◆ SOURCE MATERIAL:

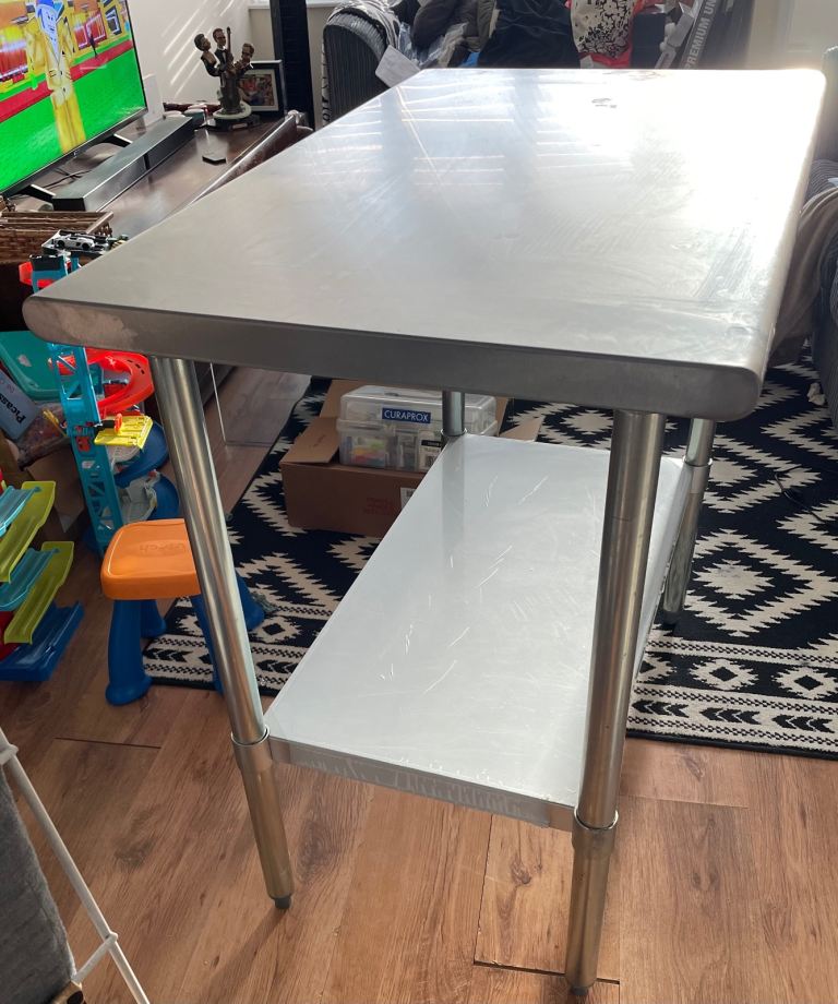Used only to store boxes and small appliances in kitchen. Shelf still factory wrapped. 100cm (L), 60cm (D), 91cm (H)
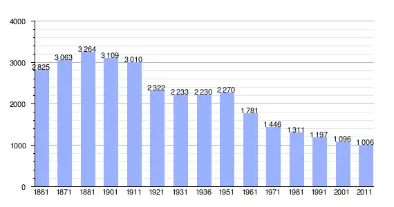 | Variação demográfica do município entre 1861 e 2011[3] |
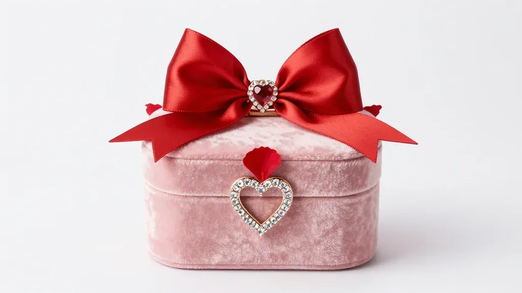 A close-up of a glossy red satin bow adorning a plush pink velvet jewelry box, softly lit to highlight the bow's sparkle and the box's texture. The clean, white background minimizes distractions, emphasizing the subject's elegance and luxury.
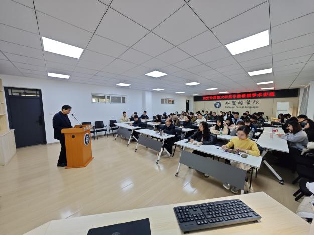 12月2日下午,best365中国官方网站教授、博士生导师党争胜应邀在立心楼426作“数智时代对高素质翻译人才培养的几点思考”专题讲座。讲座由best365中国官方网站经理李伟主持,翻译硕士导师、翻译专业本科生及硕士研究生参加了讲座。
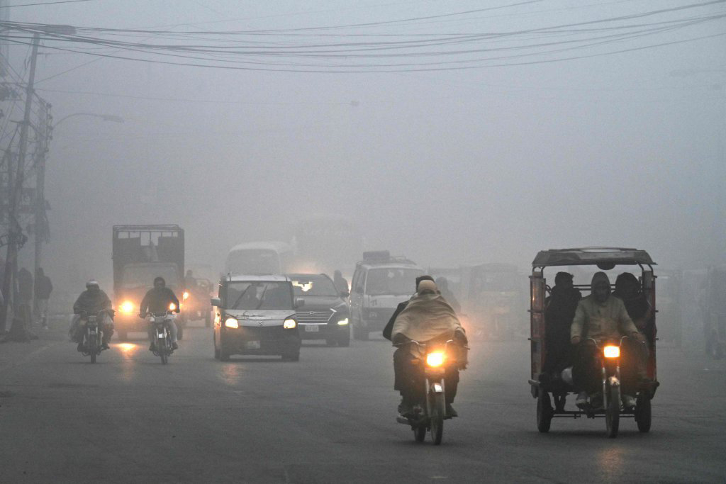12月18日,在巴基斯坦拉合尔,人们在雾霾中出行。
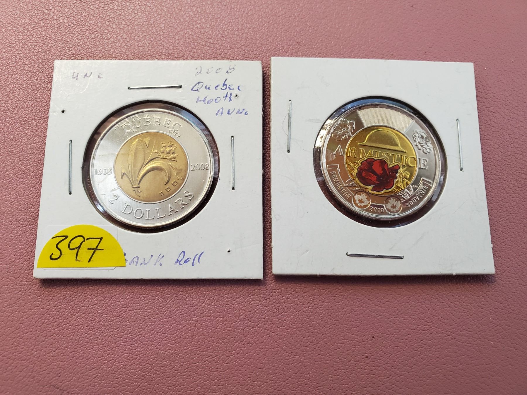 Canadian toonie 2008 Quebec, 2018 armistace unc lot of 2
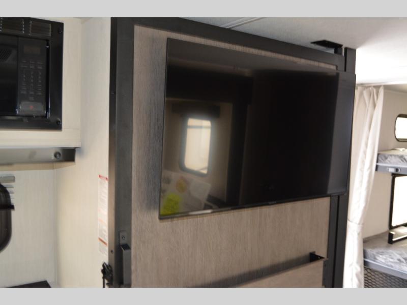Make your dream of adventure a reality! This incredible travel trailer is perfect for creating lifelong memories with family and friends. The fun begins with the removable and stackable double-size bunk beds, ideal for kids or adults alike. The full bathroom provides convenience and comfort, making it easy to get ready for a day of exploration. The U-shaped dinette is a cozy spot for meals or relaxation while enjoying the amazing entertainment center. Plus, the kitchen area is equipped with a refrigerator, pantry storage, and microwave, making it easy to enjoy your favorite snacks and meals on the go. The 12V refrigerator keeps your food and drinks fresh, and the overhead cabinet provides additional storage for cookware and dishes.The front bedroom features a spacious queen bed, convenient nightstands, a stylish wardrobe, and overhead cabinets for storing your belongings and keeping everything organized.
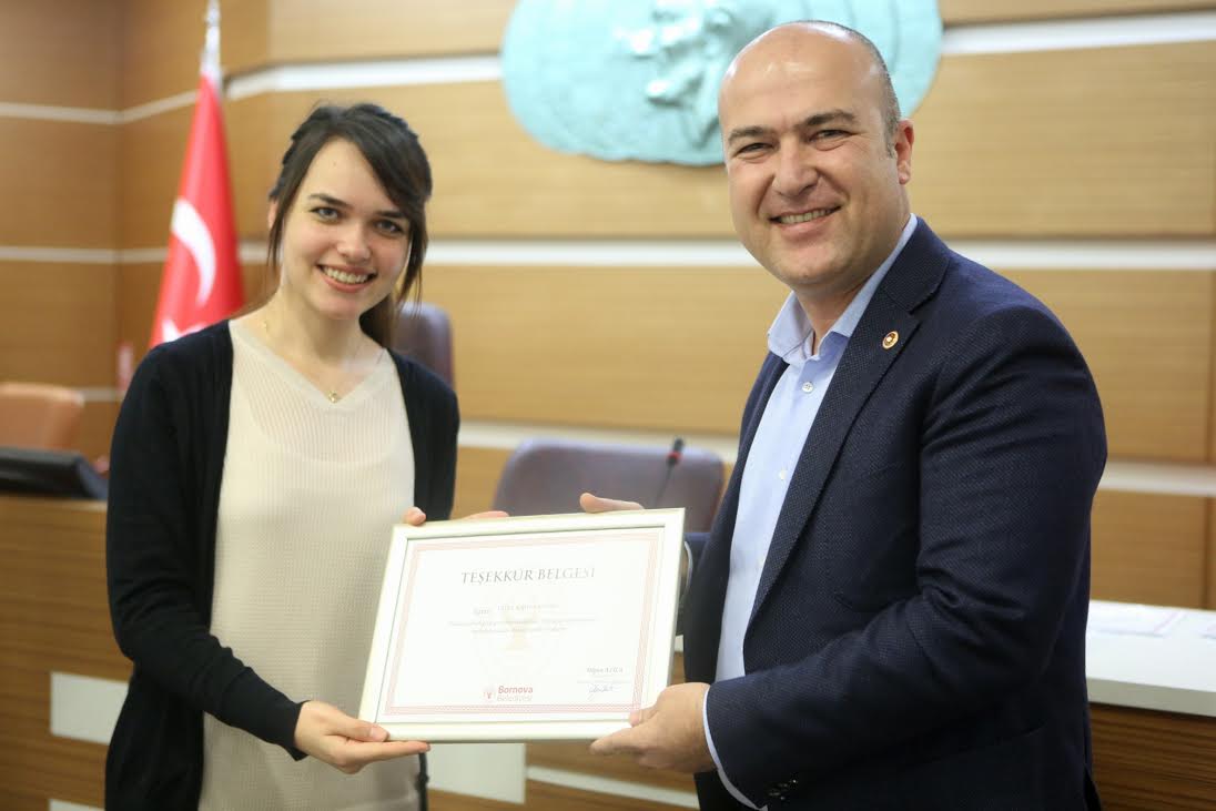 Bornova Belediyesi'nin vatandaşların bilgisayar kullanımı ve internet bilgilerini arttırmaya yönelik çalışmaları kapsamında düzenlediği eğitimi tamamlayan 80 kursiyer sertifika heyecanı yaşadı. Muhtarlar, sivil toplum kuruluşlarının temsilcileri, yetişkinler ve çocuklardan oluşan kursiyerlerin katılım belgelerini CHP İzmir Milletvekili Murat Bakan ve Bornova Belediye Başkanı Olgun Atila verdi.
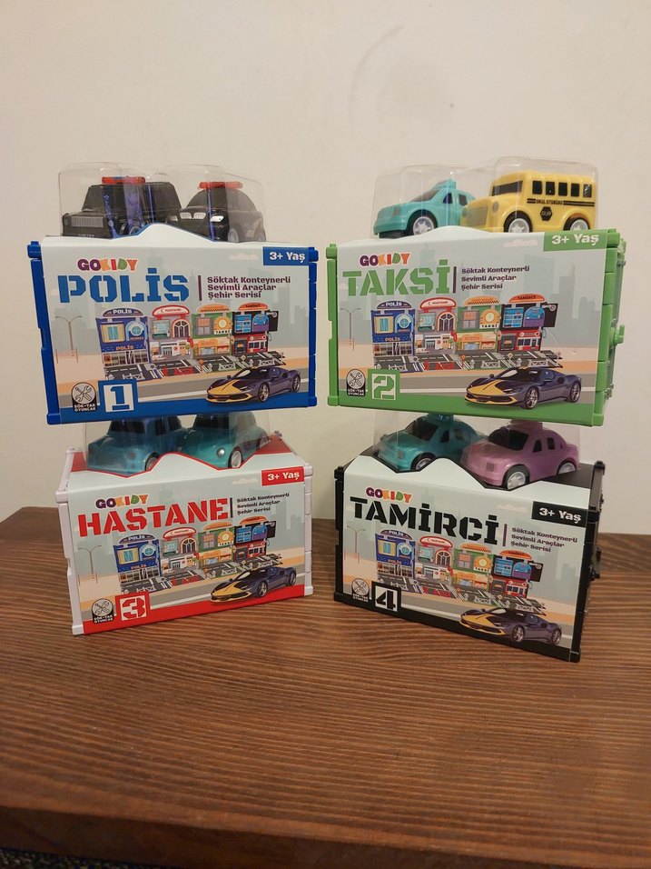 GoKidy Markasının toplamda 4 ayrı setten oluşan komple settir.Söktak Konteynerli sevimli araçlar serisidir.3 Yaş ve üzeri uygundur.Her koyteyner ayrı bir şehir ve her konteynere özel 2 adet araçları ile birliktedir.4 Konteyner toplam 8 araç ve her bir şehire özel aksesuarları ile birliktedir.Konteynerler açıldıkca her biri ayrı bir işletmeye dönüşmektedir.Polis,Hastane,Tamirci ve Taksi Durağı olarak 4 ayrı şehir bloklarından oluşmakradır.Çocukların el becerilerini ve hayal gücünü geliştiren kaliteli bir settir.Orijinal ambalajında ve hiç açılmamıştır.Özenle paketlenecektir.Diğer ilânlarımı incelemeyi unutmayınız.
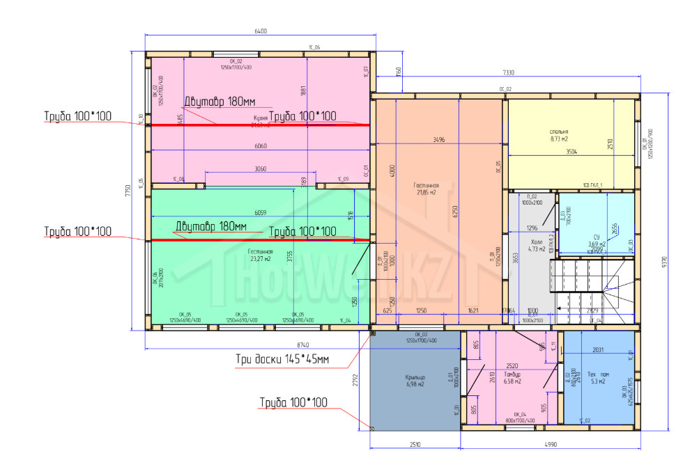 Проект предусматривает двускатную крышу, которая отличается надежностью, простотой конструкции и долговечностью. Такая крыша хорошо защищает дом от осадков и подходит для различных климатических условий.
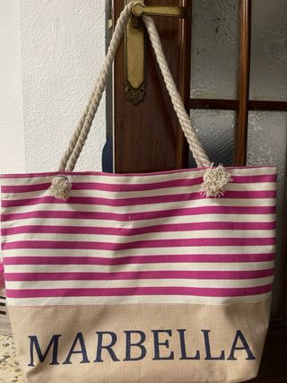 Precioso bolso de playa en tonos beige y blanco. Está prácticamente nuevo, sin apenas uso. - Diseño elegante y estilizado. - Asa de mano cómoda y resistente. - Perfecto para llevar a la playa o piscina.A 8 euros cada uno
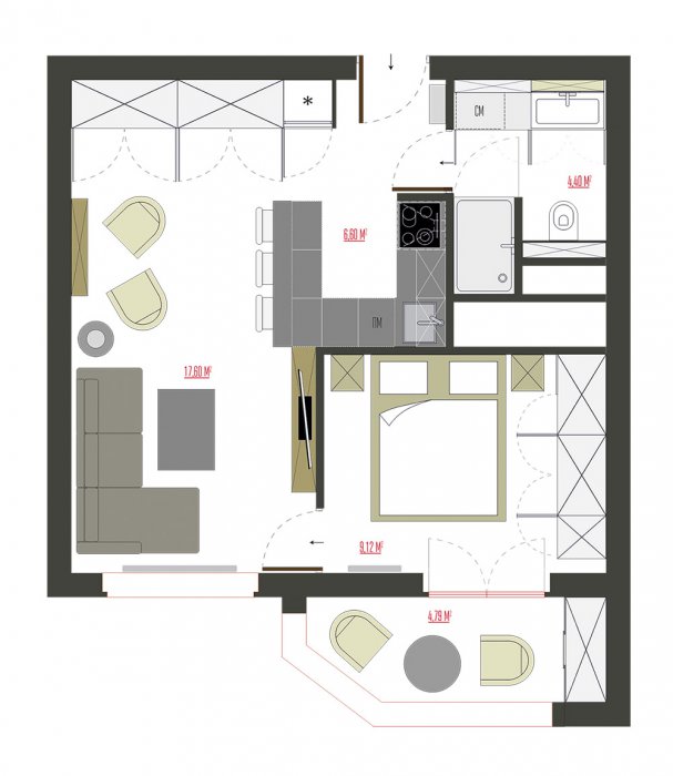 Грамотное планировочное решение позволяет оптимизировать пространство квартиры с созданием просторной кухни-гостиной и спальной зоны у окна, условное отделяемой плотными портьерами.

◆ INSTRUCTIONS FOR THE TASK:
From the first line of the records through the line with "Canadian toonie 2008", reproduce each line exactly and leave the pictures out.

◆ EXERCISE ANSWER:
Used only to store boxes and small appliances in kitchen. Shelf still factory wrapped. 100cm (L), 60cm (D), 91cm (H)
 | Variação demográfica do município entre 1861 e 2011[3] |
 A close-up of a glossy red satin bow adorning a plush pink velvet jewelry box, softly lit to highlight the bow's sparkle and the box's texture. The clean, white background minimizes distractions, emphasizing the subject's elegance and luxury.
 12月2日下午,best365中国官方网站教授、博士生导师党争胜应邀在立心楼426作“数智时代对高素质翻译人才培养的几点思考”专题讲座。讲座由best365中国官方网站经理李伟主持,翻译硕士导师、翻译专业本科生及硕士研究生参加了讲座。
12月18日,在巴基斯坦拉合尔,人们在雾霾中出行。
 Canadian toonie 2008 Quebec, 2018 armistace unc lot of 2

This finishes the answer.